Your objective:
An exact transcription of the lines from the one holding "Gant Hampton Linen" to the end of the entries below, and nothing more, is the required answer. Please omit the pictures.

Data supplied:
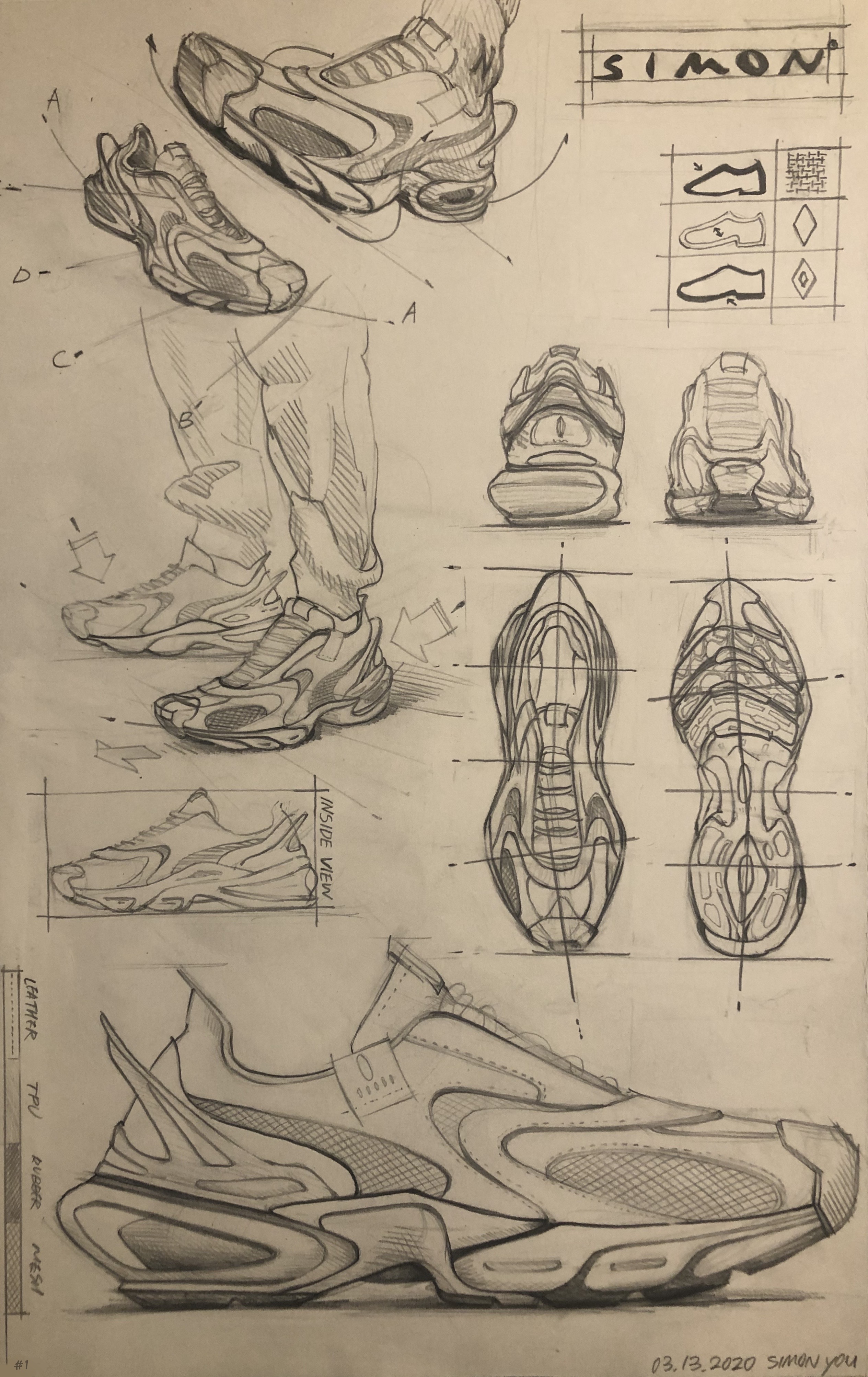 As an exchange student in the US, I continued creating artwork. My portfolio featured human figures and experimental drawings. Additionally, my interest in shoe design grew during my studies.
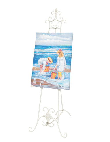 Elegant, practical and stable tripod picture stand, L53xW75xH150 cm, made of wrought iron. With attention to the smallest details, its versatility makes it ideal as a menu holder or for exhibitions, showcases and galleries.
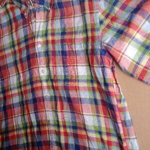 Gant Hampton Linen E-Z Fit Mens Short Sleeve Button plaid 100% linen shi…
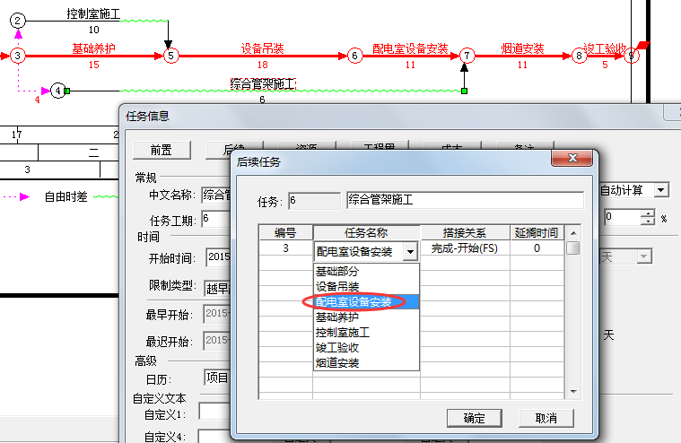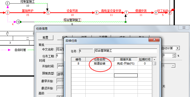 第二种办法:通过修改任务信息框的后续任务列表,将原有的”烟道安装“改为”配电室设备安装“,也会实现上图的效果。 |
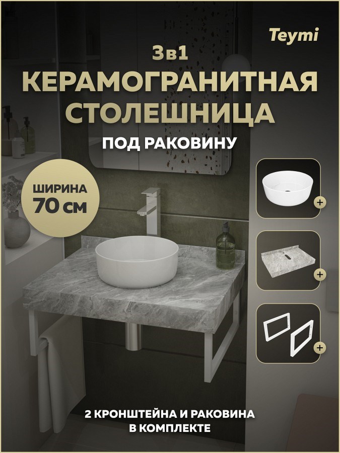 Столешница керамогранитная 70 см серый мрамор с раковиной Teymi Lina D31 кронштейны 2 шт. белые в комплекте F15352

Response box:
 Gant Hampton Linen E-Z Fit Mens Short Sleeve Button plaid 100% linen shi…
 第二种办法:通过修改任务信息框的后续任务列表,将原有的”烟道安装“改为”配电室设备安装“,也会实现上图的效果。 |
 Столешница керамогранитная 70 см серый мрамор с раковиной Teymi Lina D31 кронштейны 2 шт. белые в комплекте F15352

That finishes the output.